The three Fontana sisters: Zoe, Micol and Giovanna. History

The history of Sorelle Fontana began in the early 20th century in Traversetolo, a small village just outside Parma, where the three sisters Zoe, Mico, and Giovanna, inspired by family tradition, began working in dressmaking. Although different in many ways, the sisters shared a common ambition, a need to expand their horizons, and a dream to succeed.

One day the eldest sister Zoe made up her mind to leave her birthplace for a big city. Unsure whether to go north or south, she decided to leave the choice to fate by taking the first train that came through the station, and that train was going to Rome. So, as in every fairy tale, the adventures of the Fontana sisters began.

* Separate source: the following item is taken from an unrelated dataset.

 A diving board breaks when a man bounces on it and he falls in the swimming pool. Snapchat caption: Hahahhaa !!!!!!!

Rome offered them many possibilities.

but the beginning was not easy. Their big break came with their first important client, Gioia Marconi, daughter of the great scientist and the inventor of the radio Guglielmo Marconi. The Fontana sisters made a series of dresses for her that met with acclaim and this success led to a string of prestigious clients, most notably of whom was Linda Christian who had them design her wedding dress. Her wedding in Rome to Tyrone Power was the wedding of the century and the newsreels and magazines were full of images of the two celebrities. In this way Sorelle Fontana’s fame arrived in America bringing with it Italian high fashion to rival the established French haute couture.

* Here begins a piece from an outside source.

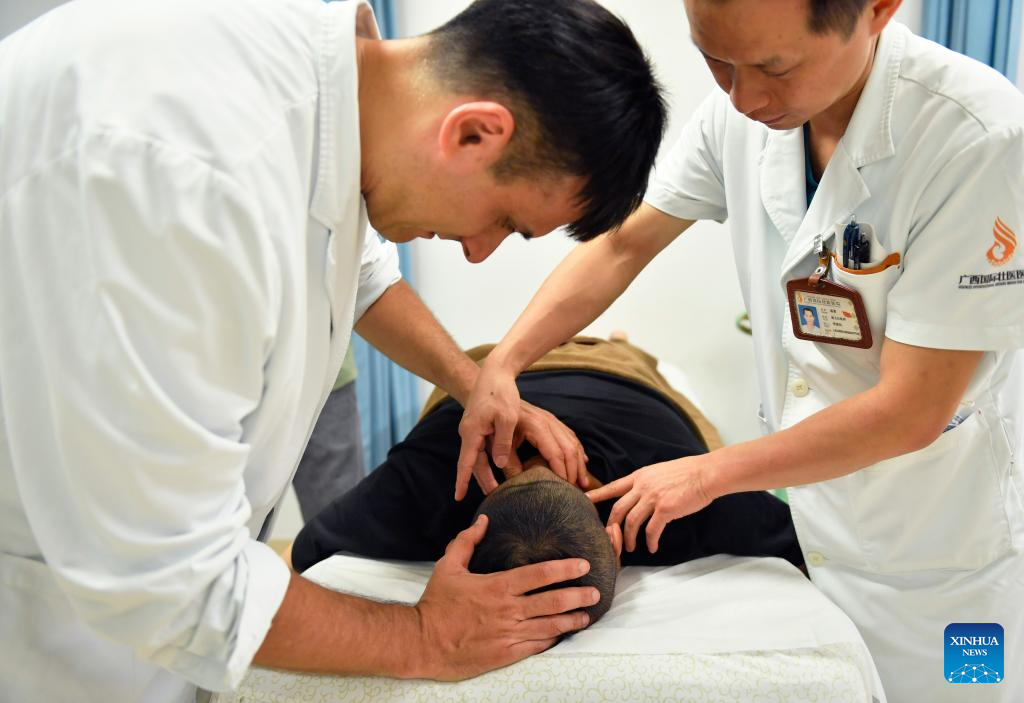Gabriel de Moraes Neto (L) learns massage skills from doctor Wen Yong at Guangxi International Zhuang Medicine Hospital in Nanning, south China's Guangxi Zhuang Autonomous Region, July 4, 2024. (Xinhua/Jin Haoyuan)

The wedding dress subsequently became a signature piece for Sorelle Fontana. Most notably the sisters designed wedding dresses for Princess Maria Pia of the House of Savoy and for Margaret Truman, daughter of the President of the United States of America, the latter who also commissioned a special trousseau for the occasion.

Hollywood discovers Rome.

The arrival of famous actors, directors, and producers awoke Rome from its long slumber. Names such as Mirna Loy, Barbara Stanwich, Michelle Morgan became clients of Sorelle Fontana. The most famous of these actresses was Ava Gardner who maintained a long relationship with the fashion house. The sisters designed a series of dresses especially for her for films including “The Barefoot Contessa” and “The Sun Also Rises” as well as for other famous films of the 1950s.

Beyond cinematography, the Sorelle Fontana also became involved in Italian contemporary art through a series of initiatives and prizes. One of their most innovative ideas was to bring together fashion and art through printed fabric. The Foundation holds two such dresses, one with designs printed by Mocchetti based on the work of Eliano Fantuzzi and the other printed by Bedetti and Bedraglio inspired by a work of Nuvolo.